1. Le 24 septembre 2009, Françoise David s'est réjouie de la victoire d'Adil Charkaoui en cour fédérale. «Sa totale remise en liberté est une victoire pour la démocratie et un désaveu total de la politique ultra-sécuritaire du gouvernement Harper. Québec solidaire s'oppose depuis le tout début à ces certificats de sécurité qui violent les droits les plus fondamentaux des individus concernés. Il s'agit également d'une victoire pour tous les groupes de la société civile qui l'ont appuyé au cours de ces années difficiles.»

2. Françoise David disait en 2009 : «S'il existe à Montréal peut-être quelques dizaines d'islamistes qu'aimeraient bien islamiser le Québec, moi je ne trouve pas cela très menaçant. Cette analyse-là, pour moi, ne tient pas la route.» Cinq ans plus tard, des milliers de musulmans manifestaient contre la laïcité dans les rues de Montréal.

Ces déclarations malheureuses de François David découlent de la position officielle de Québec solidaire : la pseudo-laïcité dite «ouverte». Tous les militants de Québec solidaire ne sont pas à l'aise avec cette position, et c'est pourquoi j'ai quitté ce parti.

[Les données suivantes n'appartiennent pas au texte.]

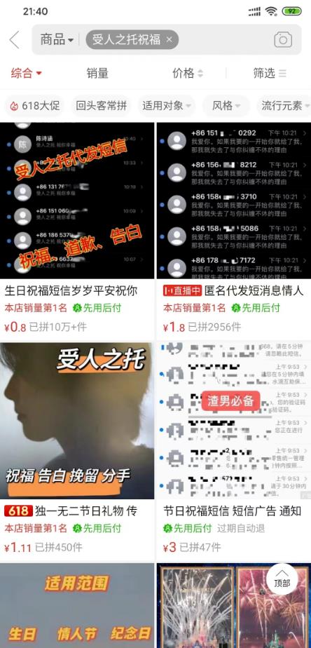 所以会选择找陌生人发送这些短信,反正一条短信的价格也很便宜,这些一般都是表白、道歉、分手、祝福之类的。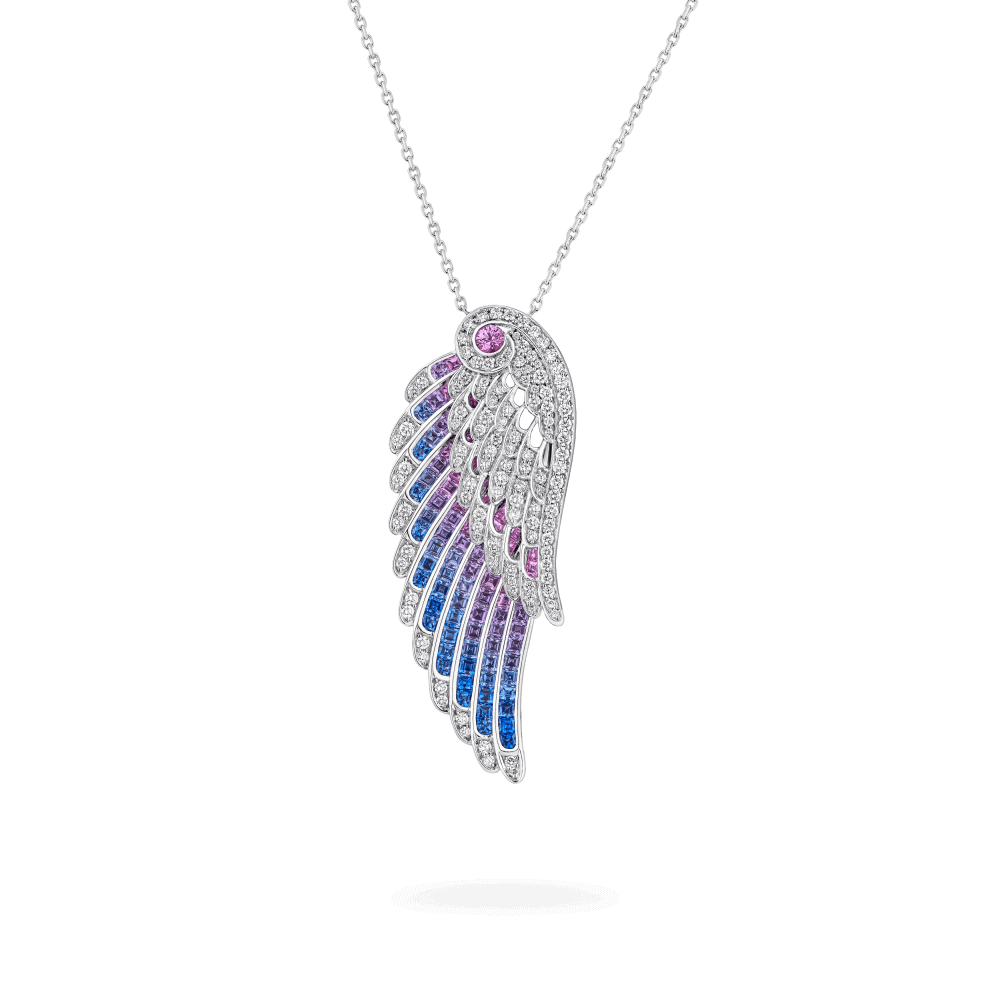 Wings Embrace Bird of Paradise Slider Pendant In 18ct White Gold with Diamonds and Sapphires

Québec solidaire ne voit pas que la religion est au cœur de certains rapports de domination. Cet aveuglement est l'origine première de son caractère régressif. Les gens de Québec solidaire s'évertuent à nier l'existence du statut de religion d'État que possède l'islam dans certains pays et de son rôle répressif et de contrôle social. Et en ce sens, l'approche de Québec solidaire est occidentale, trop occidentale. Puisque la religion d'État n'existe pas en Occident, faisons comme si elle n'existait pas davantage dans le reste du monde et faisons comme si le but des fous d'Allah n'était pas de la réintroduire sa Loi partout. Ce sont des aveugles qui conduisent des aveugles; si un aveugle conduit un aveugle, ils tomberont tous deux dans une fosse (Matthieu, 15 :14).

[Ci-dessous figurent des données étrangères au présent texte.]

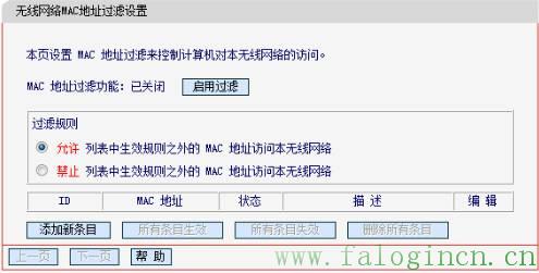 條目添加完成后,啟用MAC地址過濾功能。此時,無線MAC地址過濾設置中條目如下圖: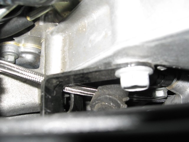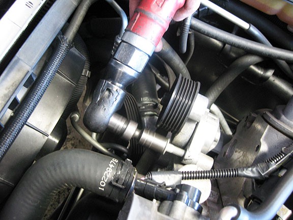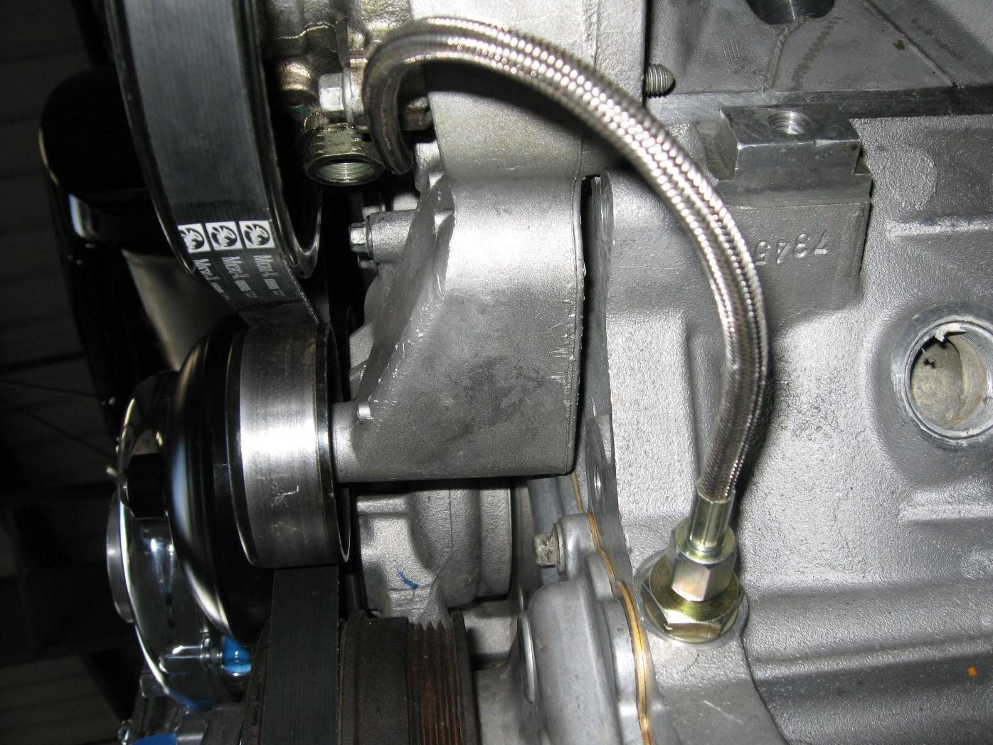 On V1, V2, and V7 models ONLY, you will need to connect the oil drain line to the supercharger before mounting it to the bracket. We use stainless AN line and it is extremely tight in this area. The line MUST be oriented as shown in the picture to avoid contact with the tensioner. Double check this clearance after the installation is complete.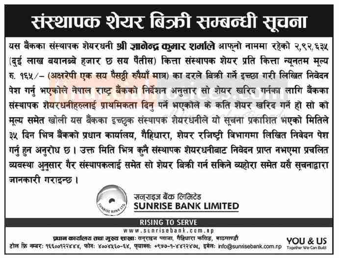 Published by Sunrise Bank Limited Rajdhani Daily on 2076-1-03

En défendant les privilèges religieux au nom d'une interprétation abusive de la notion de droit à la liberté religieuse, Québec solidaire protège l'islamisme, l'encourage, le conforte, soutient les privilèges religieux, et tout cela comme si c'était naturellement un dû, même au détriment d'autrui ou de l'intérêt collectif. Québec solidaire se range donc dans le camp de la gauche régressive.

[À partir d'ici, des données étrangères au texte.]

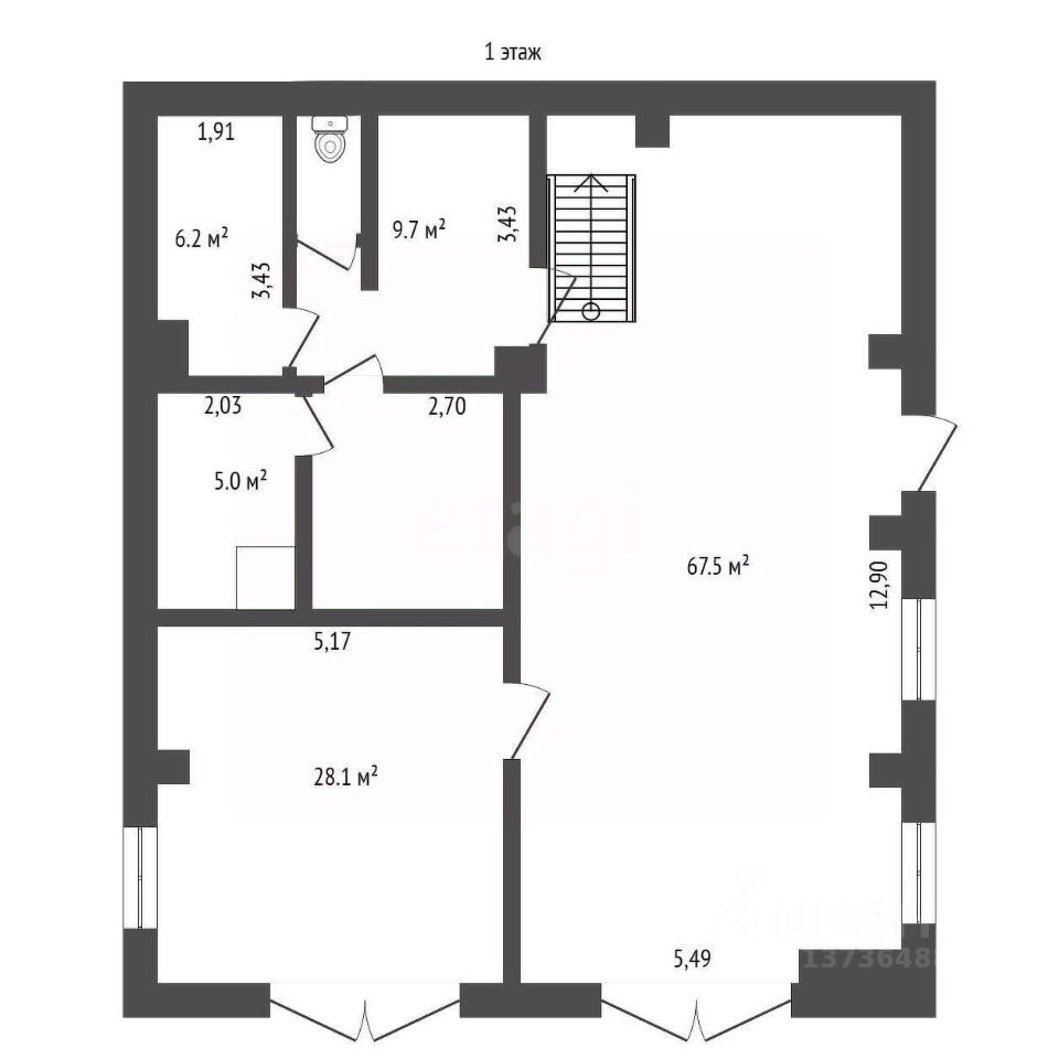 На втором этаже вас ждет лестничная площадка с окном и кабинет, площадью 19 кв.м., который отлично подойдет для работы или учебы.

Les biens pensants de Québec solidaire favorisent l'avancée de l'islamisme politique en défendant le «choix» de celles qui portent le voile. Les femmes qui le portent sont, intentionnellement ou non, les porte-étendards d'une mouvance politique radicalement antidémocratique. Le philosophe Bernard La Rivière écrit donc avec raison que «Québec solidaire appuie un certain intégrisme en adoptant la posture de la "laïcité ouverte" et en défendant le port de signes religieux ostentatoire dans les institutions d'État ». Ce faisant, Québec Solidaire accorde plus d'importance aux droits individuels de certaines immigrantes qu'au droit collectif des Québécois à un État totalement séparé de la religion. Plutôt étrange pour un parti qui se dit préoccupé par le bien commun. «Politiques, réformateurs et tous ceux qui se réclament d'un prétexte collectif sont des tricheurs», écrit Émile Cioran dans son Précis de décomposition.

Québec solidaire devrait apprendre à faire la distinction entre l'islamisme et l'islam. Il n'y a rien de xénophobe, de raciste ou d'islamophobe à s'opposer à l'instrumentalisation politique d'une religion. On ne peut se dire en faveur de la laïcité sans être contre l'intrusion de la religion dans la politique et dans les institutions d'enseignement. «[I]l y a une différence majeure entre islam et islamisme, dit La Rivière, entre musulman ou musulmane et islamiste, entre islamophobie et "islamistophobie". Il convient de faire ces distinctions, vu le trio d'insultes si souvent servi aux laïques accusés, je le répète, d'être xénophobes, racistes et islamophobes».

La laïcité est avant tout un principe démocratique, pas la solution à une menace. Ce ne sont pas les lâches accusations de xénophobie, de racisme et d'islamophobie qui feront mourir l'idéal démocratique d'une laïcité sans adjectif, c'est-à-dire pleinement assumée.

Référence

Bernard La Rivière, Enfin la laïcité!, Montréal, Éditions XYZ, 2014.